- Location: Sasaula village, Suppi block, Sitamarhi district, Mithila region, Bihar

History
- Founded: King Harisimhadeva of Karnat Dynasty
- Built for: Public Marriage Assembly for Maithil Brahmins

= Sasaula Sabha Gachhi =

Historical Sabha of Maithil Brahmins

Sasaula Sabha Gachhi (Maithili: ससौला सभा गाछी) is a historical place for the Maithil Brahmins in the Mithila region of India. It is located at Sasaula village of Suppi block in the Sitamarhi district of Bihar. In the early times, the parents of Maithil Brahmin brides came here to select suitable bridegrooms for their daughter.
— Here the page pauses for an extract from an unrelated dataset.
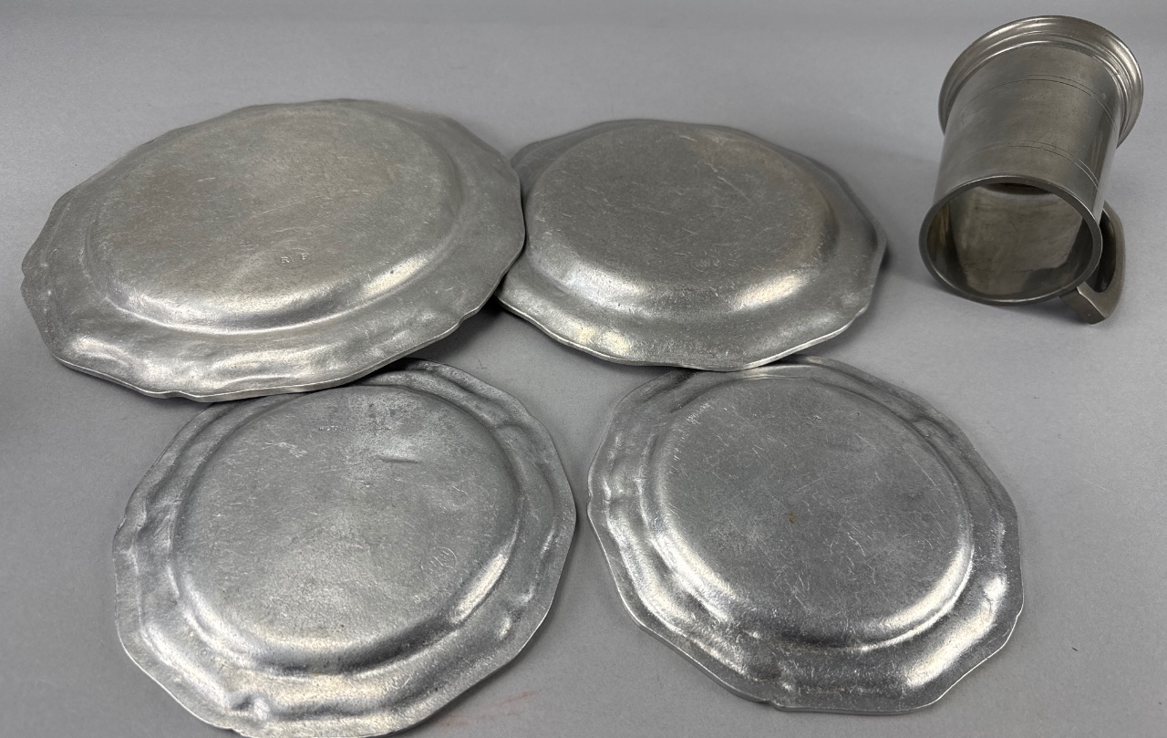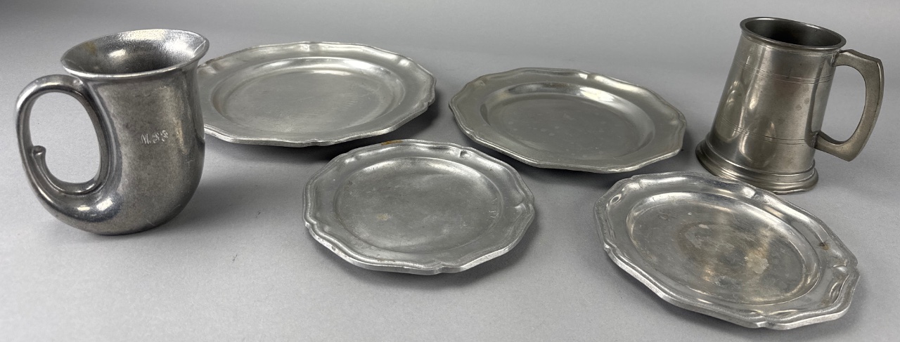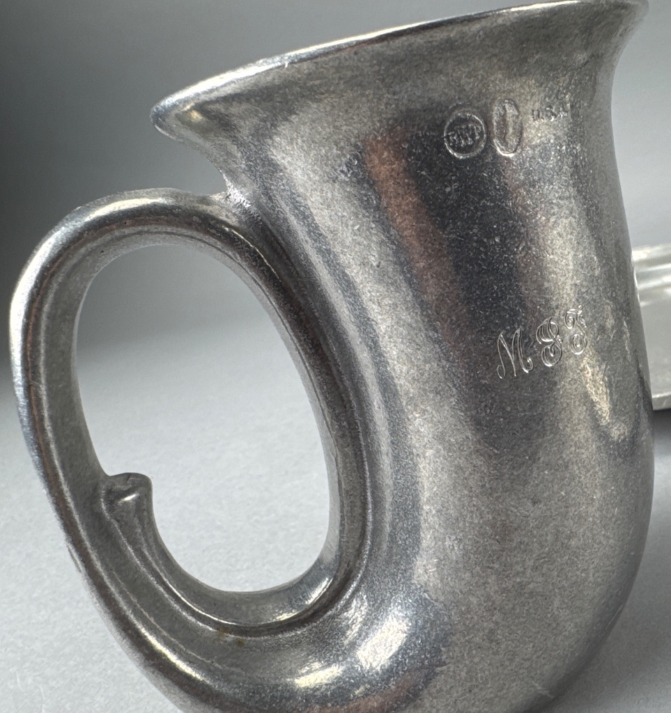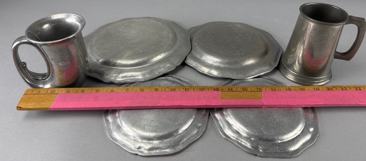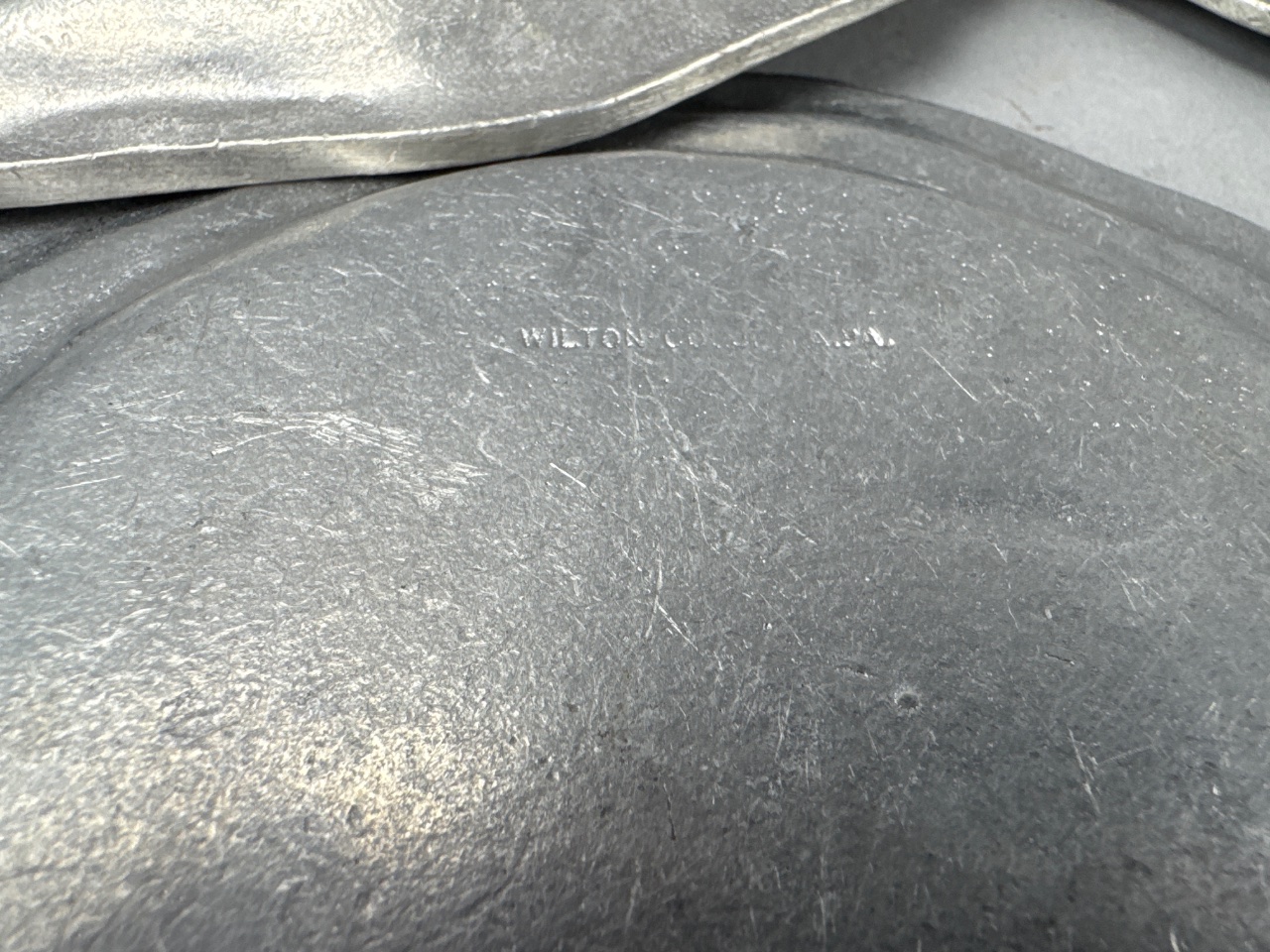 Metal pitcher and plate set, including one pitcher with a handle and spout and four plates with scalloped edges. The pitcher bears visible text reading ‘M. 83,’ while one plate is marked ‘WILTON CO. USA’ and another reads ‘R.F.’ The pitcher has a shiny, reflective surface, and the plates have a matte finish. Plates measure 7″D. CONDITION: Surface scratches visible on all items. Minor tarnishing observed on the pitcher. SHIPPING: In-House Shipping Available

It is a famous marriage related public assembly in the tradition of the Maithil Brahmins.

== Description ==
The Sasaula Sabha Gachhi is one of the fourteen historical places of marriage sabha in the tradition of Maithil Brahmins. It serves as the location for one of major seats of Panjikars for the registration of Maithil Vivah through the Panji system among the Maithil Brahmins in the Mithila region. There is a temple in the campus of the Sabha Gachhi known as Shri Radhakrishna Ji Maharaj Mandir which is presently managed and protected by the Bihar State Religious Trust Board.

== History ==
The Sasaula Sabha Gachhi was established by the King Harisimhadeva of the Karnat Dynasty in the Mithila Kingdom.